Equivalent of 'mutate_at' dplyr function in Python pandas - python

and thank you in advanced for the help.
I am looking to create multiple new columns in a pandas dataframe, by dividing a subset of existing columns by another existing column, dynamically named with a suffix. Below is dummy code illustrating the general gist of what i want to do, except for 25+ columns with various transformations.
R code
library(dplyr)
player = c('John','Peter','Michael')
min = c(20, 23, 35)
points = c(10,12,14)
rebounds = c(5,7,9)
assists = c(4,6,7)
df = data.frame(player,min,points,rebounds,assists)
df = df %>%
mutate_at(vars(points:assists),.funs=funs(per_min=./min))
Expected output
player min points rebounds assists points_per_min rebounds_per_min assists_per_min
1 John 20 10 5 4 0.5000000 0.2500000 0.2000000
2 Peter 23 12 7 6 0.5217391 0.3043478 0.2608696
3 Michael 35 14 9 7 0.4000000 0.2571429 0.2000000
I know that I can reproduce the above in pandas as follows:
import pandas as pd
data = pd.DataFrame({'player':['John','Peter','Michael'],
'min':[20,23,35],
'points':[10,12,14],
'rebounds':[5,7,9],
'assists':[4,6,7]})
df = pd.DataFrame(data)
df['points_per_minute'] = df['points']/df['min']
df['rebounds_per_minute'] = df['rebounds']/df['min']
df['assists_per_minute'] = df['assists']/df['min']
df.head()
player min points rebounds assists points_per_minute rebounds_per_minute assists_per_minute
0 John 20 10 5 4 0.500000 0.250000 0.20000
1 Peter 23 12 7 6 0.521739 0.304348 0.26087
2 Michael 35 14 9 7 0.400000 0.257143 0.20000
However, I have to do this for 25+ columns, with different transformations, and explicitly naming every column and operation will become rather cumbersome. Is there any pandas replication of this?
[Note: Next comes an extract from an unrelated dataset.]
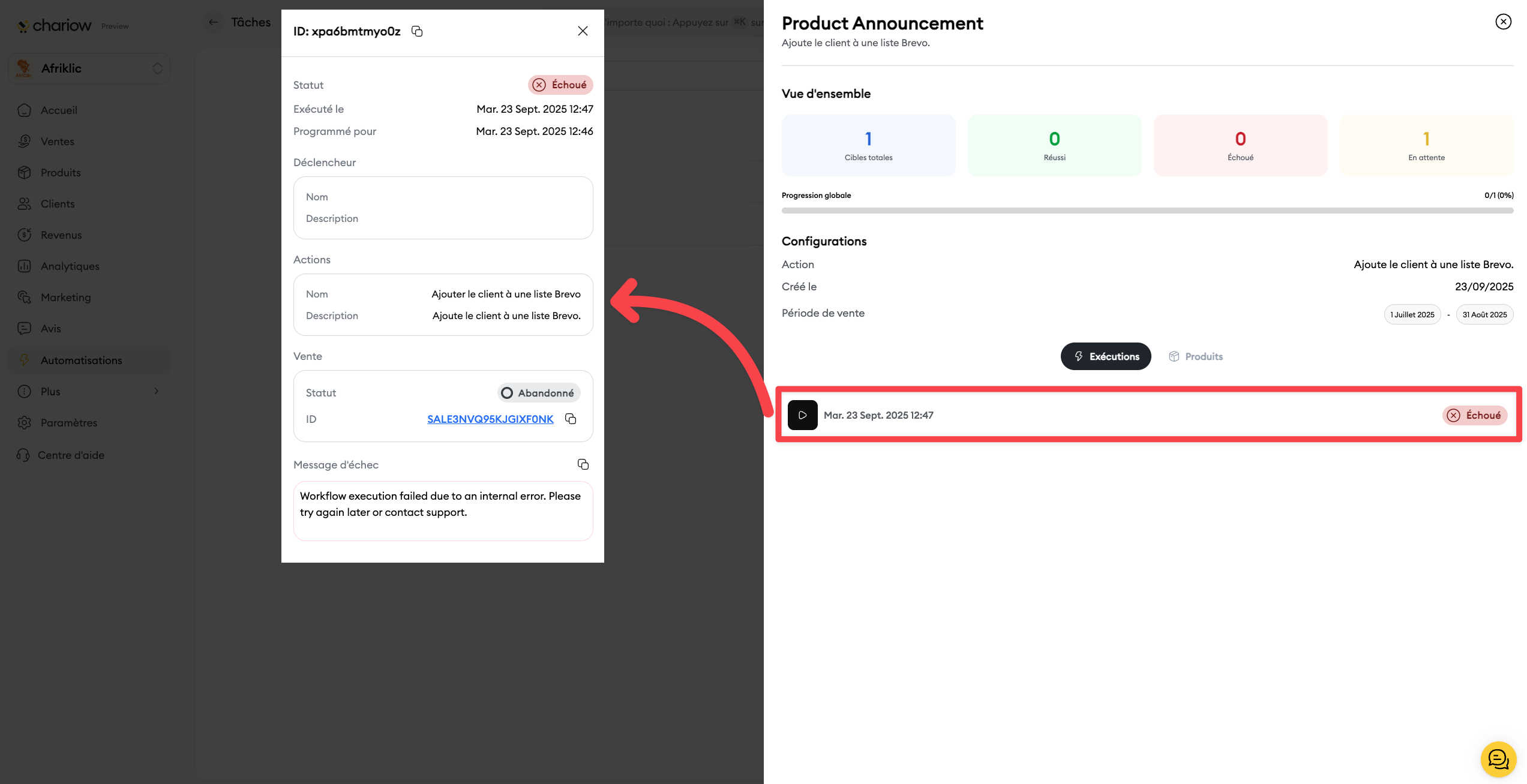 Historique des exécutions : Cette section vous donne un historique détaillé de chaque exécution, y compris l'heure et le statut. C'est l'endroit idéal pour diagnostiquer d'éventuels problèmes.

Similar to base R, assign by block of columns with basic arithmetic. Often base R translates better to Numpy/Pandas.
R
cols <- c("points", "rebounds", "assists")
df[paste0(cols, "_per_min")] <- df[cols] / df$min
Python pandas
cols = ["points", "rebounds", "assists"]
df[[col+'_per_min' for col in cols]] = df[cols].div(df['min'], axis='index')

Method1:
Take the list of columns(if you dont have a list of columns and want to get all columns after the min column , use cols=df.iloc[:,df.columns.get_loc('min')+1:].columns)
cols=['points','rebounds','assists']
create a copy of the subset of those columns by df.loc[] and add_suffix as _per_minute, then divide them with the min column.
m=df.loc[:,cols].add_suffix('_per_minute')
df[m.columns]=m.div(df['min'],axis=0)
print(df)
Method2: concat:
cols=['points','rebounds','assists']
df=pd.concat([df,df.loc[:,cols].add_suffix('_per_minute').div(df['min'],axis=0)],axis=1)
Method3:
directly assign them with string formatting using same logic:
cols=['points','rebounds','assists']
df[[f"{i}_per_minute" for i in cols]]=df.loc[:,cols].div(df['min'],axis=0)
print(df)
player min points rebounds assists points_per_minute \
0 John 20 10 5 4 0.500000
1 Peter 23 12 7 6 0.521739
2 Michael 35 14 9 7 0.400000
rebounds_per_minute assists_per_minute
0 0.250000 0.20000
1 0.304348 0.26087
2 0.257143 0.20000

mutate_at is superseded by mutate and across.
Here is how you can do it in a dplyr way in python:
>>> from datar.all import c, f, tibble, mutate, across
>>>
>>> player = c('John','Peter','Michael')
>>> min = c(20, 23, 35)
>>> points = c(10,12,14)
>>> rebounds = c(5,7,9)
>>> assists = c(4,6,7)
>>>
>>> df = tibble(player,min,points,rebounds,assists)
>>>
>>> df = df >> mutate(
... # f.min passed to lambda as y
... across(f[f.points:f.assists], {'per_min': lambda x, y: x / y}, f.min)
... )
>>> df
player min points rebounds assists points_per_min rebounds_per_min assists_per_min
<object> <int64> <int64> <int64> <int64> <float64> <float64> <float64>
0 John 20 10 5 4 0.500000 0.250000 0.20000
1 Peter 23 12 7 6 0.521739 0.304348 0.26087
2 Michael 35 14 9 7 0.400000 0.257143 0.20000
I am the author of the datar package. Feel free to submit issues if you have any questions.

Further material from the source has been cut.